By Ellen Samsell Salas

I became envious of the Southern gift for gab while attending a Shakespeare seminar in Brunswick, Maine.
One would expect a deeper understanding of the Bard’s verbal virtuosity to have been my linguistic takeaway from those six weeks. But it was the lexicon of a classmate, a teacher from Alabama, who awakened me to the Southern knack for putting together just the right words. Iago wasn’t merely evil, he was “pond scum.” And Othello wasn’t simply crazed with jealousy, he was “hot as the hinges on the gates of hell” and “havin’ a hissy fit with a tail on it!”

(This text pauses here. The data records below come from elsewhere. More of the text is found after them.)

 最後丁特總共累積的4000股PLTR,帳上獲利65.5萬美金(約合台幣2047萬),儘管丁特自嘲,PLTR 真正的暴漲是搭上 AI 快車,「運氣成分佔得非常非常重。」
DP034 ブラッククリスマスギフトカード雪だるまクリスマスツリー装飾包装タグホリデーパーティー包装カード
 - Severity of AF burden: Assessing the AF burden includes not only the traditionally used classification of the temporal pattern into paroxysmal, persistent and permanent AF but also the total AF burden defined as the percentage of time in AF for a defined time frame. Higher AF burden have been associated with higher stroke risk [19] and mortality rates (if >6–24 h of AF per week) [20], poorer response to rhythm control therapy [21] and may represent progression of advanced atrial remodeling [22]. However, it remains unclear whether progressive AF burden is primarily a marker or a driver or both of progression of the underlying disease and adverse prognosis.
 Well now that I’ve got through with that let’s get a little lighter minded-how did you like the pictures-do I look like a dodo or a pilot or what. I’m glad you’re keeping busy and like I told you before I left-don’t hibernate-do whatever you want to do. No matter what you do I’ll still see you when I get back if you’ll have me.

Truth be told, I was “getting my knickers in a knot” and green with envy at my friend’s ability to create expressions that dazzled with images, sound, metaphor, and exuberant hyperbole — everything we expect poetry to deliver — all while being rooted in the everyday. After all, as a native Californian, what colorful colloquialisms could I contribute except the addition of “the” to the moniker of all highways, as in, “Take the 101 to the 405.”

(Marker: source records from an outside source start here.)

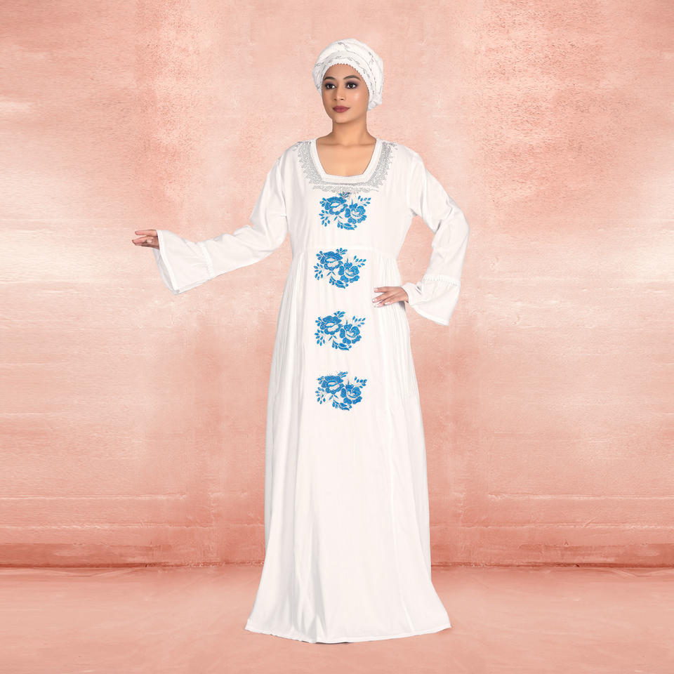 Kaftan Modeste en Rayonne Brodé avec Motifs Festifs pour l'Aïd, Col Rond, Manches Évasées, Silhouette Longue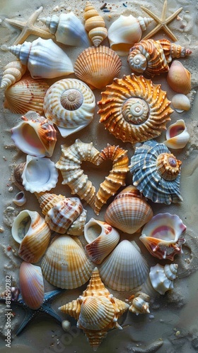 A design made by arranging sea shells on the beach.
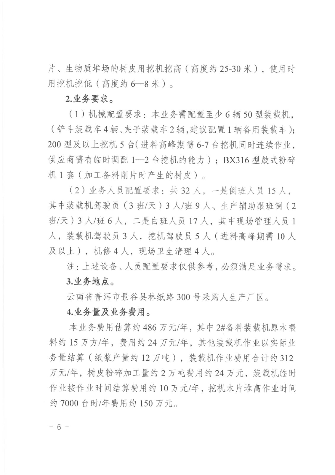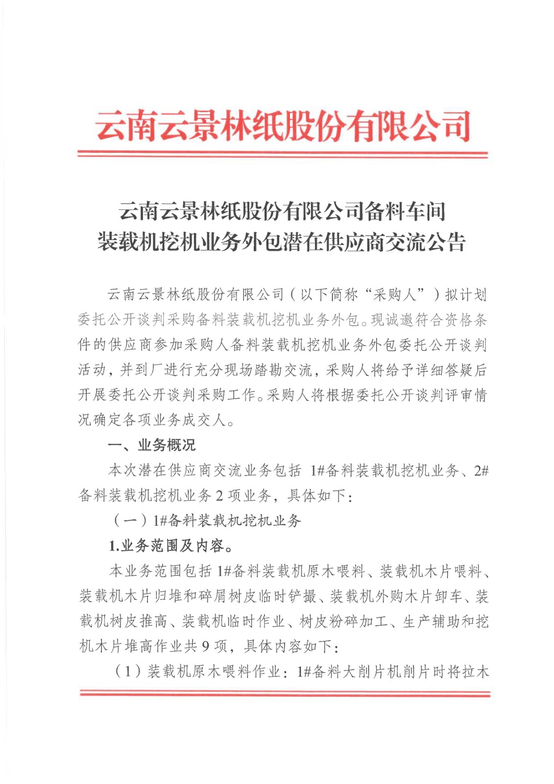 云南云景林紙股份有限公司備料車間裝載機(jī)挖機(jī)業(yè)務(wù)外包潛在供應(yīng)商交流公告

Decades later, a transplant to Georgia, I remain enamored with Southern phraseology.

To start, there are the oft-uttered phrases, part and parcel of Southern parlance that are both apt and endearing. “Welcome in,” “Yes, ma’am,” and “Have a blessed day” make the speaker polite and fill the room with warmth.

Two other workhorses, “y’all” and “fixin’ to,” are handy and efficient. “Y’all join us” is so much friendlier than “You guys join us.” And “fixin’ to” leads seamlessly into any number of possibilities, as in “fixin’ to come up a black cloud” and its cousin “comin’ up on some bad weather.” Can’t you just see that black cloud filling the sky, ready to pour down rain or whatever manner of trouble is brewing?

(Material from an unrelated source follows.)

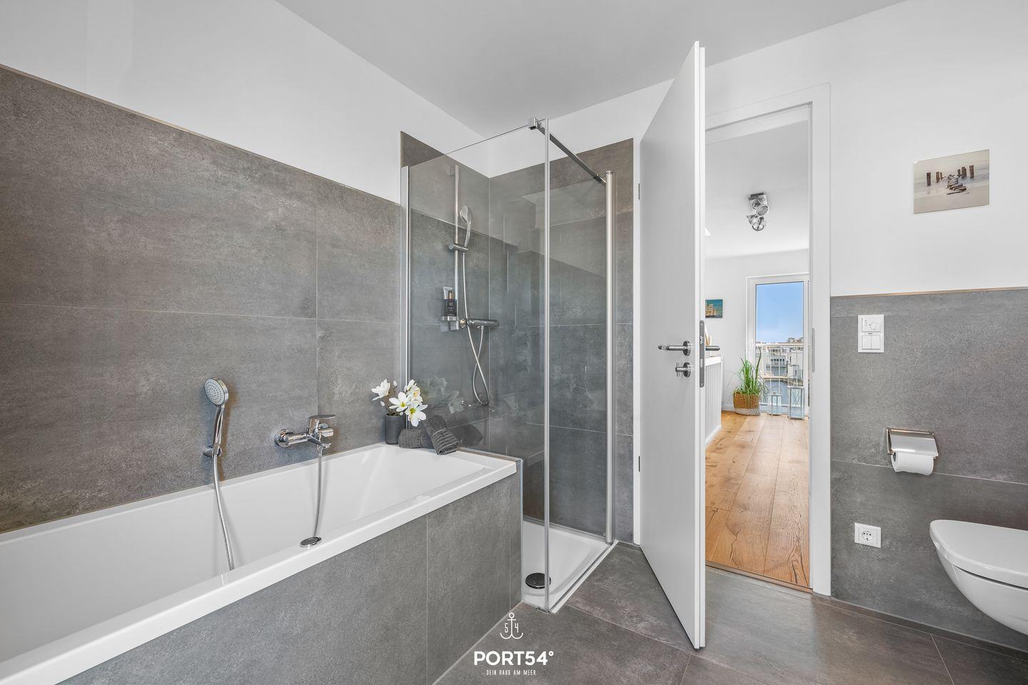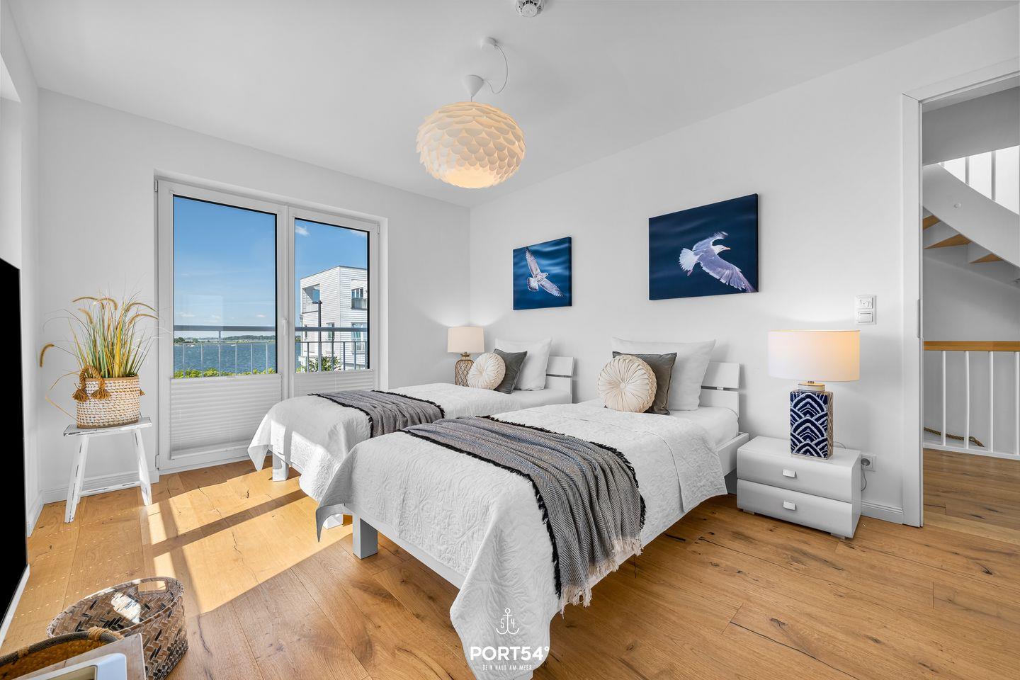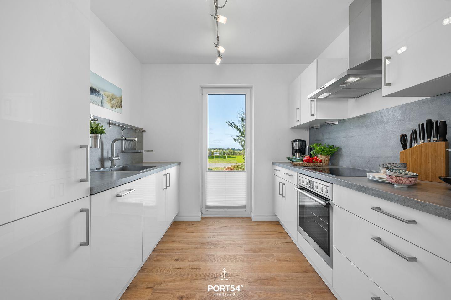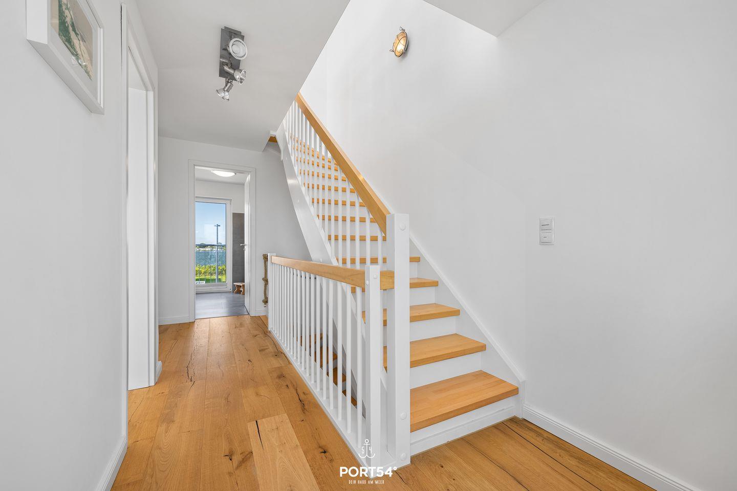 Auf der großen Terrasse sowie der Dachterrasse kannst Du entspannte Stunden im Freien genießen und dabei den atemberaubenden Blick auf das Hafenbecken bewundern. Die direkte Wasserlage macht das Haus zu einem idealen Ausgangspunkt für Strandtage, Wassersportarten oder romantische Sonnenuntergänge am Meer.

The lifeblood of Southern vernacular is its unabashed kinship with real life. Without a drip of pretension, speakers rely on animals, vegetables, food, and weather to make their point. When you hear, “He could eat corn through a picket fence,” those widely spaced buck teeth are front and center in your mind’s eye. And could there be a better way to convey futility than saying, “You’re driving your chickens to the wrong market” or “That dog won’t hunt”?

But my favorites have to do with biscuits, a Southern staple with which we salad-loving Californians have minimal acquaintance. Chock full of alliteration, imagery, and a bit of the absurd, two tried and true biscuit-reliant phrases say it all: “You can put your boots in the oven, but that don’t make ‘em biscuits.” And, the more alliterative, “Well, butter my butt and call me a biscuit if that don’t beat all,” a phrase that one just wants to repeat.

So, while the world turns to BFF, NVM, and LOL, we can be happy that Southern colloquialisms are alive and kicking. Take a little sarcasm, add a heap of exaggeration, spice it up with a metaphor borrowed from real life, and you have a Southern quip. And, bless my heart, I’m learning to love biscuits and not worry about the calorie count.